*PROBLEM TO SOLVE*: One range is to be output from the listing below, exactly as written: the line with "Принцип работы: биоактиватор" to the line with "Andorra, 2 euro, 2014, 20°", both kept.

____ EXTRACTED RECORDS

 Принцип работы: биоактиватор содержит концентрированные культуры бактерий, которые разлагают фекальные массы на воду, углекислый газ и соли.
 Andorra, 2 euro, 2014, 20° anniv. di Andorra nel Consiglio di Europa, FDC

________
____ EXTRACTED RECORDS

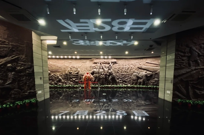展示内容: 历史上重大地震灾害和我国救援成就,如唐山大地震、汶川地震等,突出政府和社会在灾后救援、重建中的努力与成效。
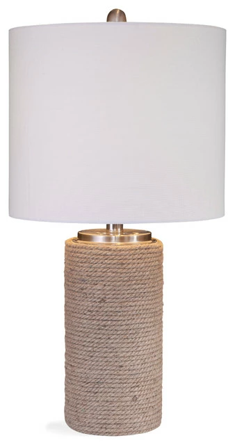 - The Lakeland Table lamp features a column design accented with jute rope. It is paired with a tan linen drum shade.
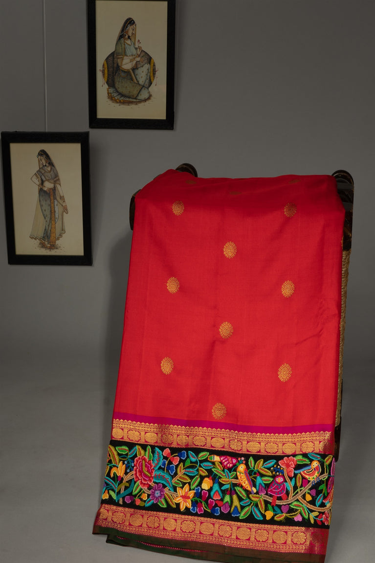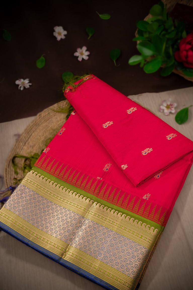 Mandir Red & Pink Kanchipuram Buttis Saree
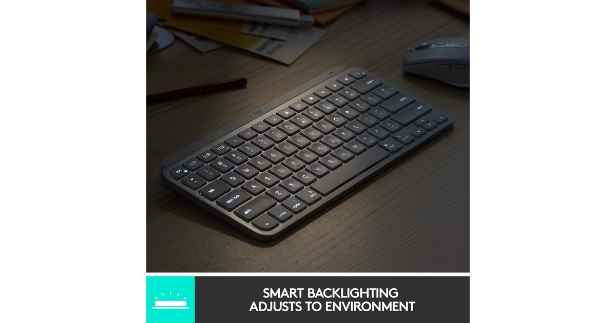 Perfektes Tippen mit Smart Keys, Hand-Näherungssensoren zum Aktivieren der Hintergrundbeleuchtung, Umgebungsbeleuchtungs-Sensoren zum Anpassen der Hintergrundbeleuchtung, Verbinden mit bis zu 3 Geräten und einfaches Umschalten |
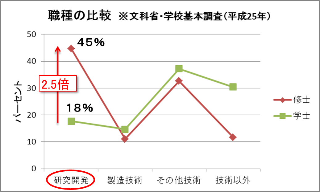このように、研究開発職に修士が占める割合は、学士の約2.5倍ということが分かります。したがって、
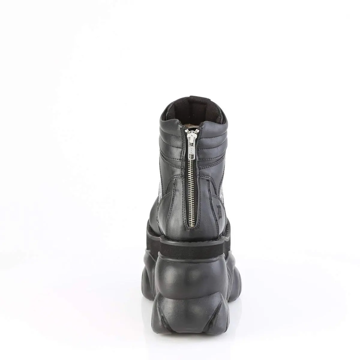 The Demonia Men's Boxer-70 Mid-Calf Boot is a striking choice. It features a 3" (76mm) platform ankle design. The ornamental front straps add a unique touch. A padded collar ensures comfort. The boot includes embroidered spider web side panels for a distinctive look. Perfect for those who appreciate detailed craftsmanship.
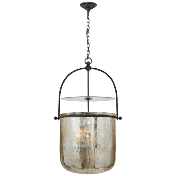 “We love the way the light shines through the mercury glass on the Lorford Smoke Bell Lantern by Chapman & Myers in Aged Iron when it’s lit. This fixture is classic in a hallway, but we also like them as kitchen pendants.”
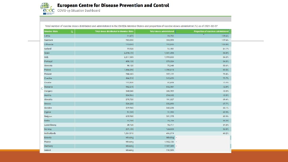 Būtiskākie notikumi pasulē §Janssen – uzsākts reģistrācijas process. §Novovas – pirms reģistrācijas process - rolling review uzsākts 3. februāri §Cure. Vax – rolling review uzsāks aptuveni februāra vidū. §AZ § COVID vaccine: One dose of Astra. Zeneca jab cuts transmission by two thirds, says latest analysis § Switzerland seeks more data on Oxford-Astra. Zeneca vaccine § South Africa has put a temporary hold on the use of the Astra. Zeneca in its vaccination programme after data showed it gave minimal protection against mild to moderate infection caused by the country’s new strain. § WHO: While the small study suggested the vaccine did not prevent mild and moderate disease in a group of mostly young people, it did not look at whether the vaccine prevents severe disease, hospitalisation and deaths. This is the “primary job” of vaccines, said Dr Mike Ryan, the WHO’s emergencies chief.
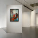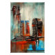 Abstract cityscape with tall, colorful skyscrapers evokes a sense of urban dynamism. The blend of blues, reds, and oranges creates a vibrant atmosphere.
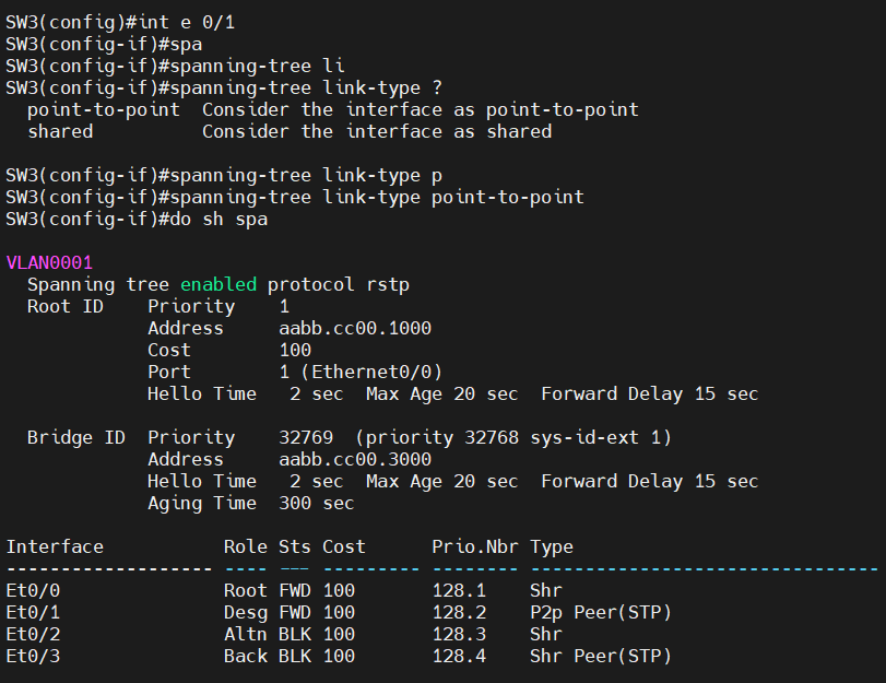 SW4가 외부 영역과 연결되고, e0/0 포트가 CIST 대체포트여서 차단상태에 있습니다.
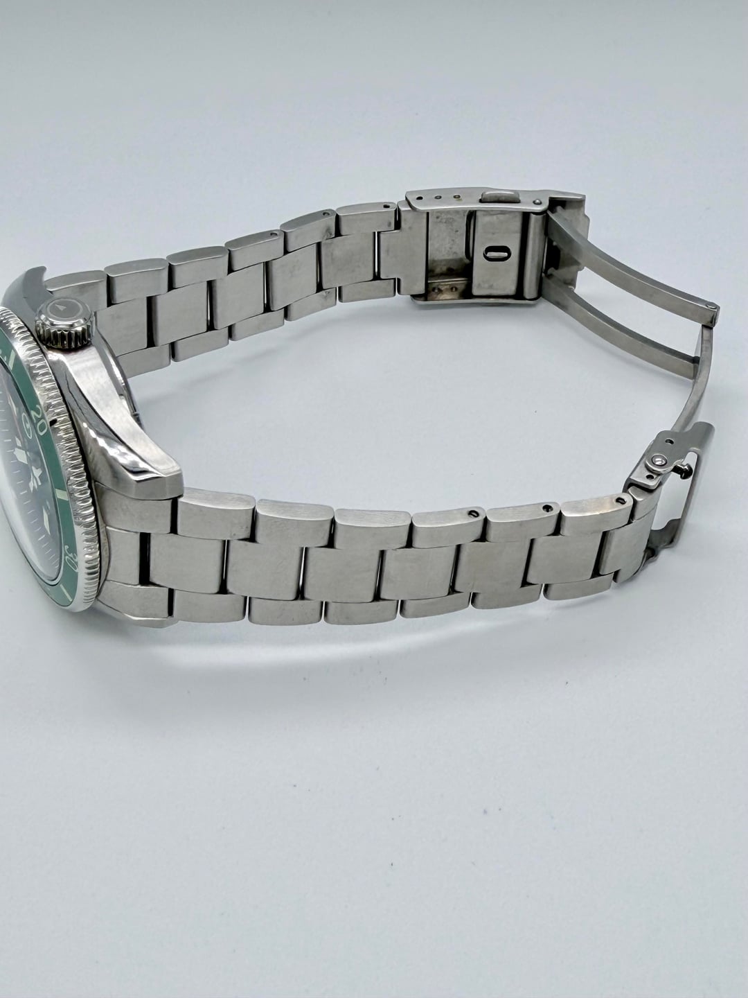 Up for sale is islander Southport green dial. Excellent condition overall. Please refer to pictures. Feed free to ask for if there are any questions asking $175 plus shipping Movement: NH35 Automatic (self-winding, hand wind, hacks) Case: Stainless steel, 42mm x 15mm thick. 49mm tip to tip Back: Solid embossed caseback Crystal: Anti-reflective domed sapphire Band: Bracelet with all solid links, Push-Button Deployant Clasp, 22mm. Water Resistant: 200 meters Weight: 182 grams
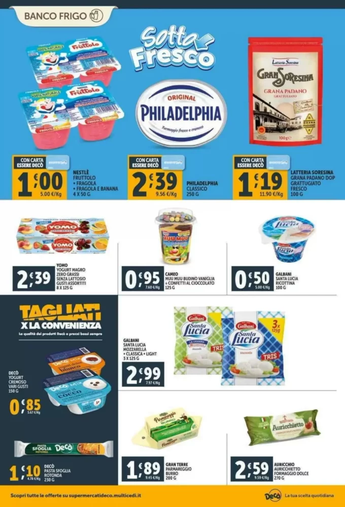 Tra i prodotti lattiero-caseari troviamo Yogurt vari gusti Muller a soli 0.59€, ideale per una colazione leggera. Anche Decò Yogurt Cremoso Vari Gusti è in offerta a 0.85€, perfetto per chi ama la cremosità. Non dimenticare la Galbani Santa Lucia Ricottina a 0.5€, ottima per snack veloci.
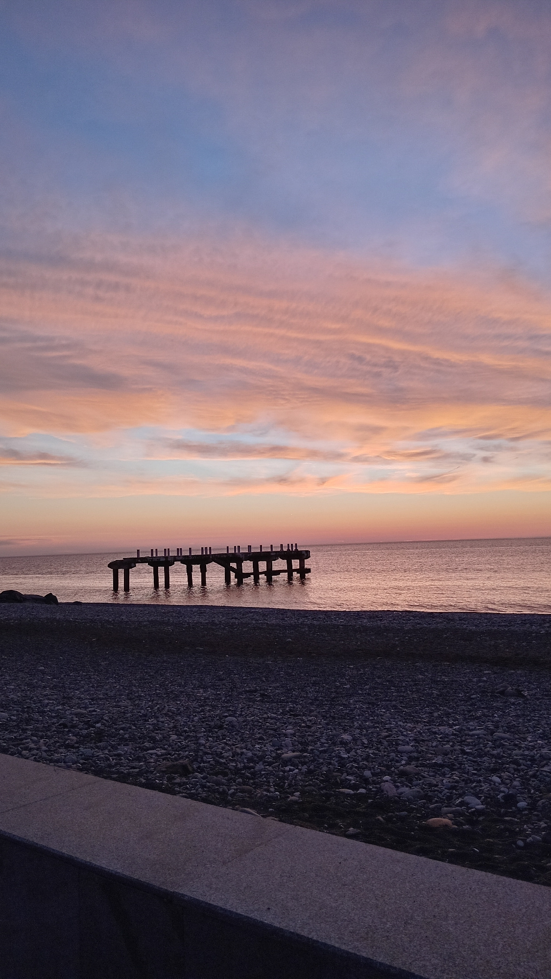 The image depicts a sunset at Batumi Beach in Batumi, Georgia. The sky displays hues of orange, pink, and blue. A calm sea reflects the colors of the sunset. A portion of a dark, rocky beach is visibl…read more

________

*RESPONSE TO THE TASK*:
 Принцип работы: биоактиватор содержит концентрированные культуры бактерий, которые разлагают фекальные массы на воду, углекислый газ и соли.
 Andorra, 2 euro, 2014, 20° anniv. di Andorra nel Consiglio di Europa, FDC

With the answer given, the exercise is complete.